*Action item:* The required output is the run of lines from the one holding "cheapest🔥ce lv 69🔥evo" through the final line of the listing, restated word for word, with no pictures.

*Information supplied:*
■ ■ ■
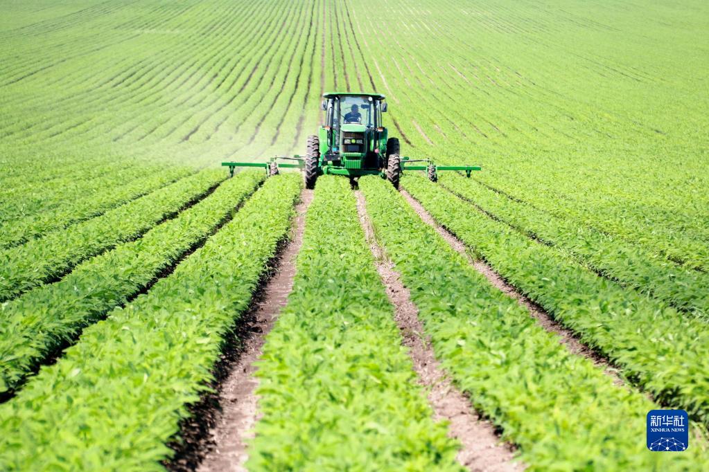 黑龍江北大荒農墾集團五大連池農場(chǎng)有限公司工作人員進(jìn)行大豆中耕除草作業(yè)(2022年6月29日攝)。新華社發(fā)(陸文祥 攝)
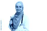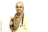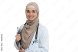 Closeup portrait of friendly, smiling confident Muslim female doctor celebrating success
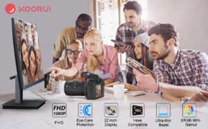 KOORUI 22 Inch Computer Monitor, 1080p FHD 75Hz Desktop Monitor with HDMI VGA Free Flicker Low BlueLight, Frameless Led Monitor for PC Home Office, Black
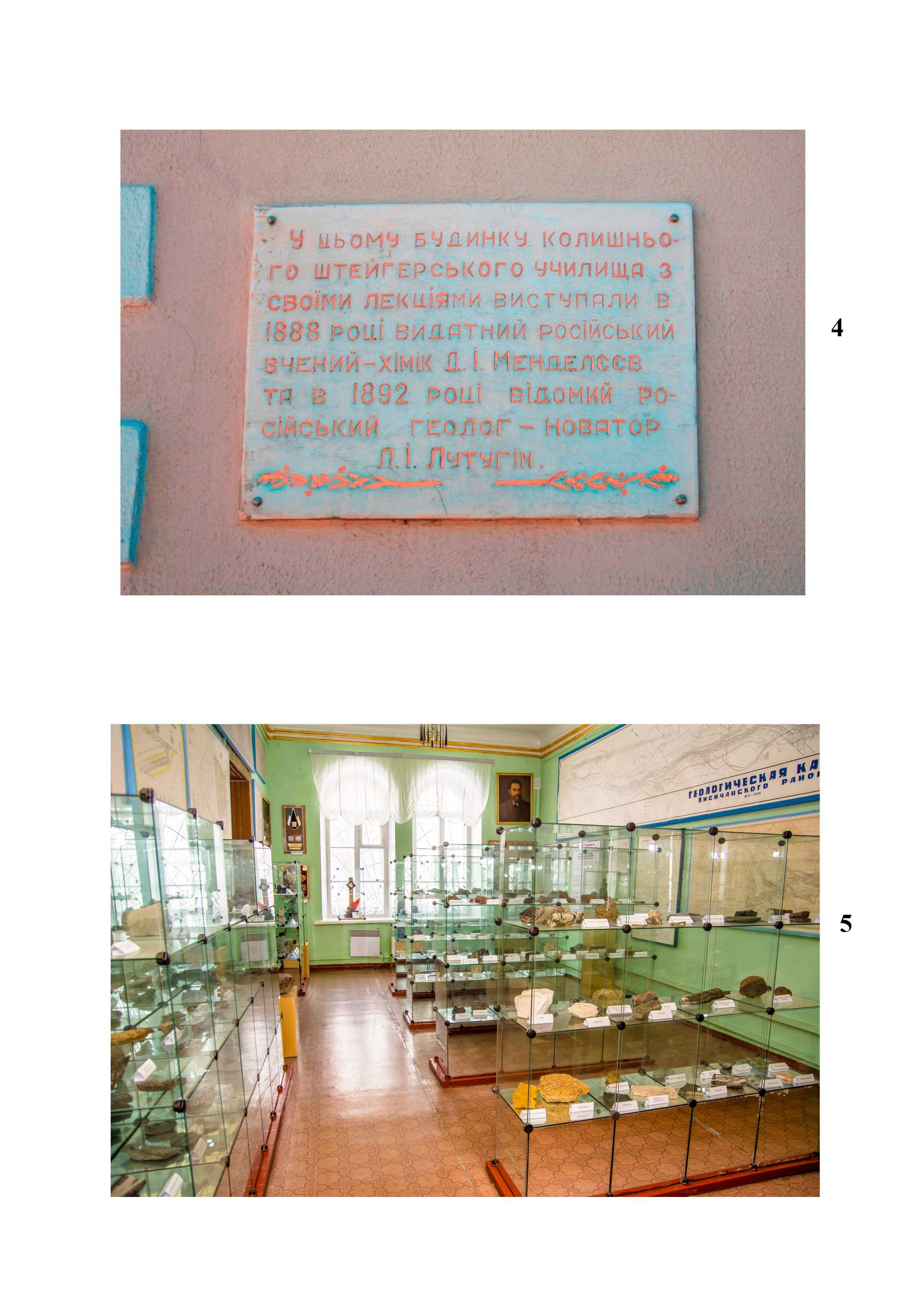 The collection also features materials about miners who worked in local mines – heroes of Socialist Labor I. Ivonin, F. Kapust, I. Pobok, famous engineers and pedagogues N. Lopatin, P. Mordvynov, H. Kopiiko. These materials are grouped in exhibitions dedicated to the centenaries since their birth1.
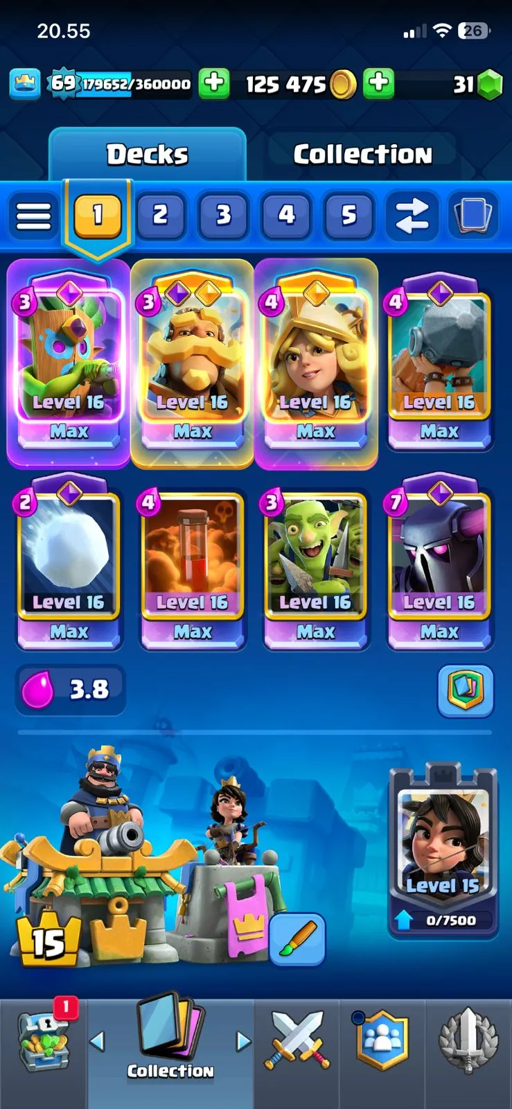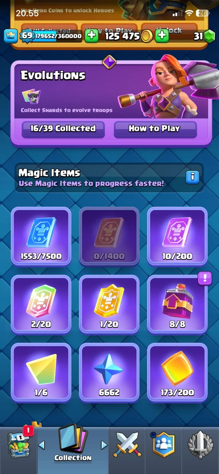 cheapest🔥ce lv 69🔥evo 16🔥arena 30🔥trophy 12676🔥skins tower 16🔥full access account🔥
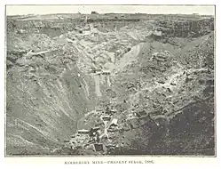 On 9 December 1874, Oats was appointed Cape Colony Government Mining Engineer at Kimberley, South Africa, at the age of 26.[3] Oats left for South Africa on a 20-month mission in January 1875.[6] The colony's government had recently passed ordinances in favour of small miners which prevented mine concession owners from imposing excessive rentals on the diggers and shopkeepers, and did not allow an individual or company to hold more than ten claims. The British government had overridden some of these measures.[7] The proprietors continued to accumulate claims and raise rents, causing mounting unrest.[8] Oats, as Provincial Engineer, gave the decisive opinion that "fostering a large number of individual holdings is most adverse to economy of working.[9] Oats made it clear that the restriction on the number of claims would be an obstacle to obtaining foreign capital.[10] He wrote of the 10 claim limit,
■ ■ ■
*Result for this task:*
 cheapest🔥ce lv 69🔥evo 16🔥arena 30🔥trophy 12676🔥skins tower 16🔥full access account🔥
 On 9 December 1874, Oats was appointed Cape Colony Government Mining Engineer at Kimberley, South Africa, at the age of 26.[3] Oats left for South Africa on a 20-month mission in January 1875.[6] The colony's government had recently passed ordinances in favour of small miners which prevented mine concession owners from imposing excessive rentals on the diggers and shopkeepers, and did not allow an individual or company to hold more than ten claims. The British government had overridden some of these measures.[7] The proprietors continued to accumulate claims and raise rents, causing mounting unrest.[8] Oats, as Provincial Engineer, gave the decisive opinion that "fostering a large number of individual holdings is most adverse to economy of working.[9] Oats made it clear that the restriction on the number of claims would be an obstacle to obtaining foreign capital.[10] He wrote of the 10 claim limit,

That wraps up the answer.